Kum (Russian and Ukrainian: кум, /uk/ derives from Balkan Vulgar Latin cómmater - "godmother").

The corresponding relationship is known as kumovstvo (кумовство, /ru/) or kumivstvo (кумівство, /uk/). The word is also used in the meaning of "nepotism".

The word "kum" is also used in the meaning of "good friend".

In the East Slavic folklore, "kum" is a traditional epithet for wolf and "kuma" for fox.
== History ==
Historically, in the traditional culture of Ukraine a number of rituals have existed to celebrate the bonds between people from different families. During the Green holidays women in Ukraine would engage in the tradition known as кумування (literally - "kuma-becoming"), during which a kerchief and coral jewelry would be given to a potential kuma. In Polesia girls would give each other birch wreaths and yellow-painted eggs, kissing and wishing for themselves to become kumas in the future. Godparents for one's child were usually chosen from among in-laws, people respected in the community or simply those with whom the family was befriended.

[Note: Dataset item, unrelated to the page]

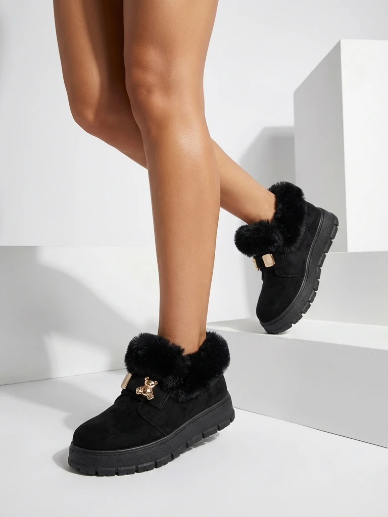 • Superbes bottes de neige à plateforme pour femmes en hiver. La tige est en cuir suédé écologique, le milieu est isolé avec de la fourrure. La chaussure est ornée d'une décoration subtile sur la tige. La base parfaite pour l'hiver !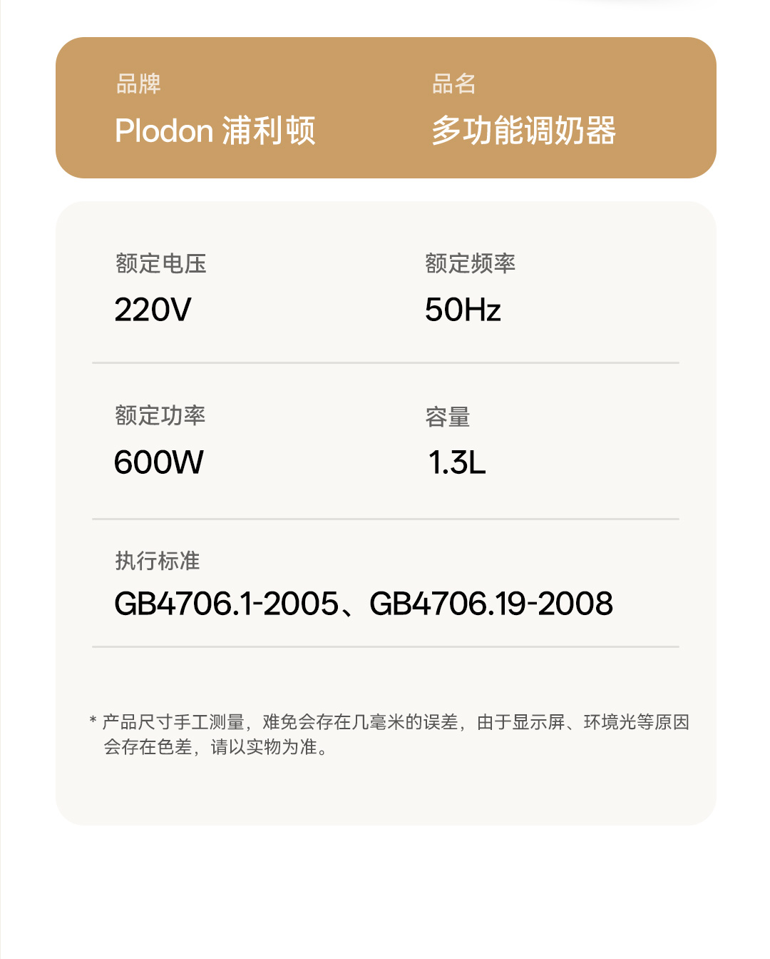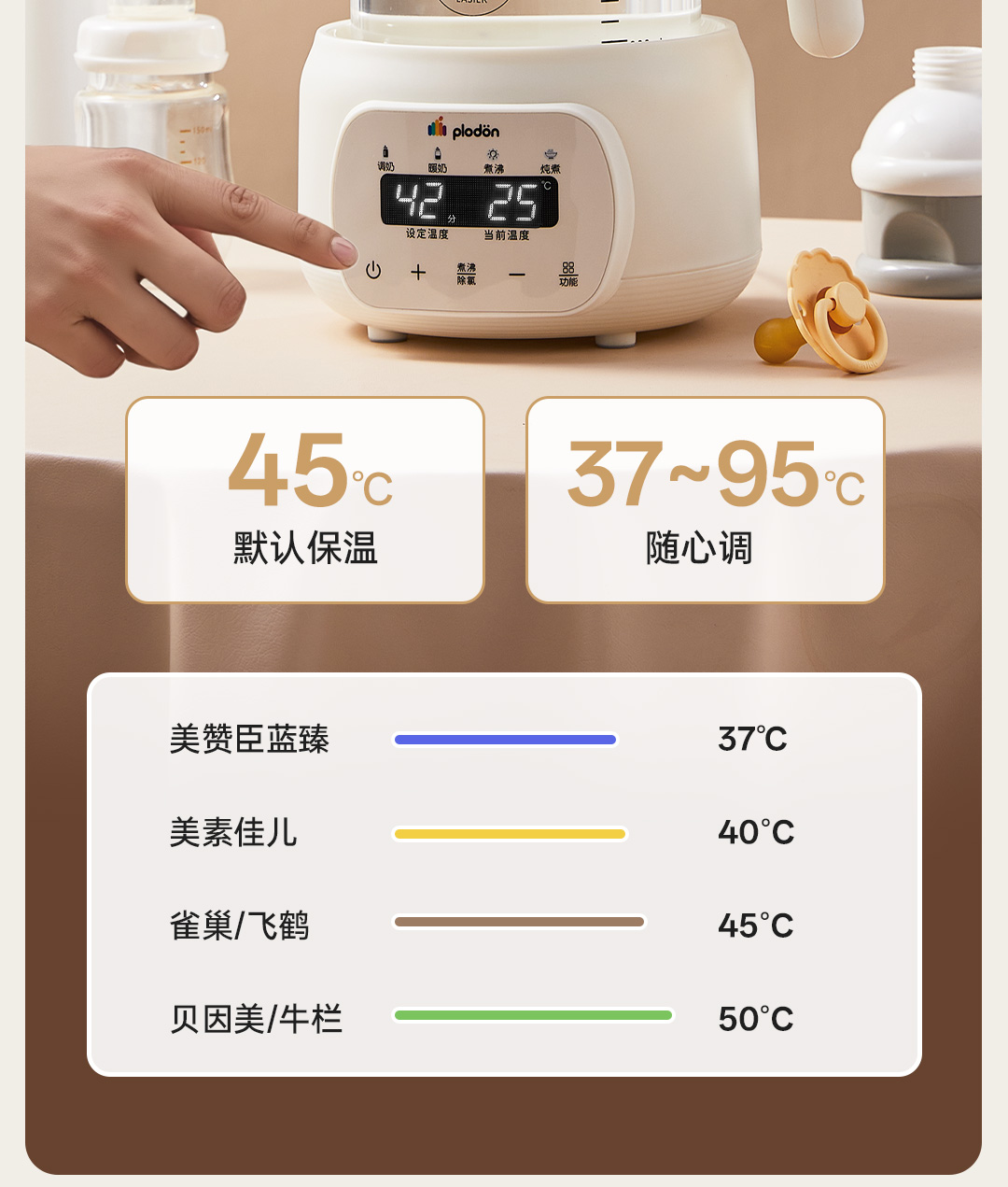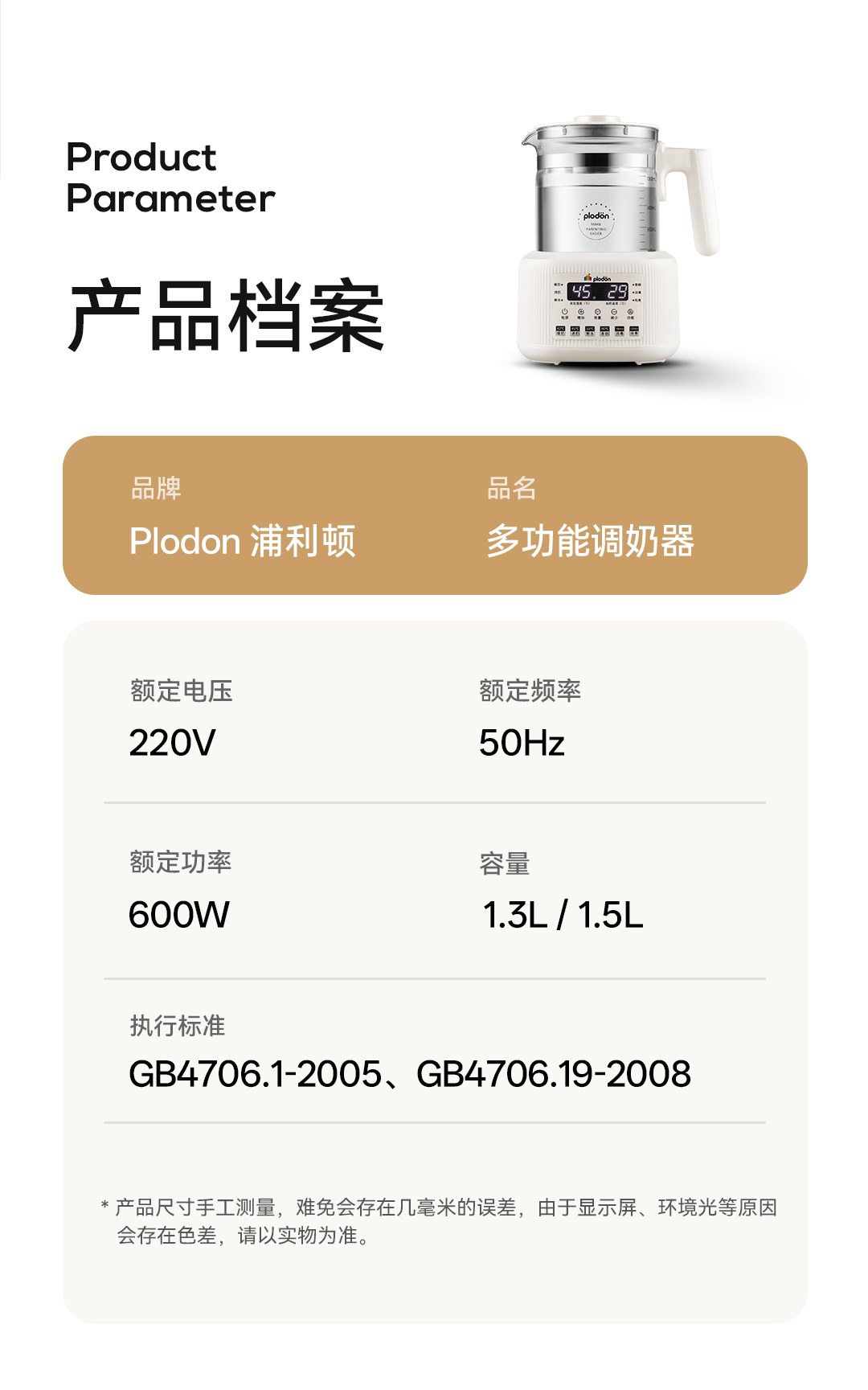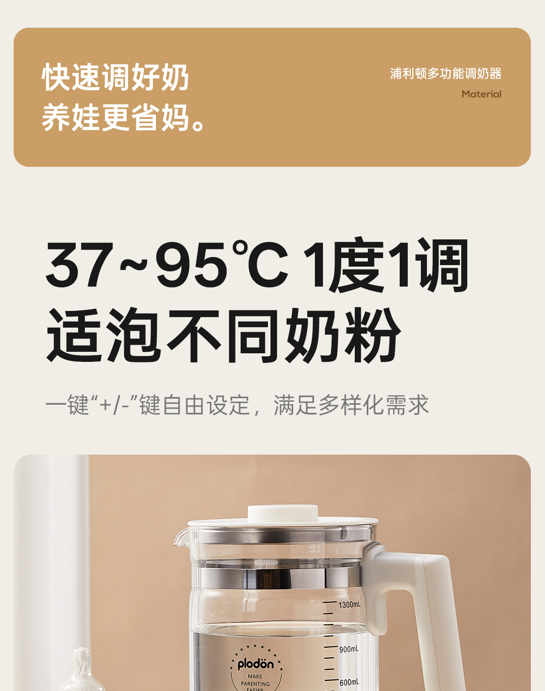 浦利顿调奶器多功能婴儿热奶温奶电热养生壶316 1.3L不锈钢调奶器13A05/13A04

According to ethnographer Pavlo Chubynskyi, after a child was born, its father would visit the man he had chosen to be his kum with bread and salt, and take the host's bread in exchange. The same ritual was repeated when choosing the kuma. According to Ivan Ohienko, it was not allowed to refuse such a proposal. In the region of Kholm there was a special ritual where a man who had become kum for the first time would be put on a sledge covered with hay and driven from his house to the house of his parents with great honour. Many Ukrainian proverbs and sayings are dedicated to friendly relations between a person and their kum or kuma. After baptism, kum and kuma would serve as the child's "second parents". However, if the child died, its godparents would lose their status, and in this case the traditional way of finding kum or kuma for a new child was to ask the first person met on the way.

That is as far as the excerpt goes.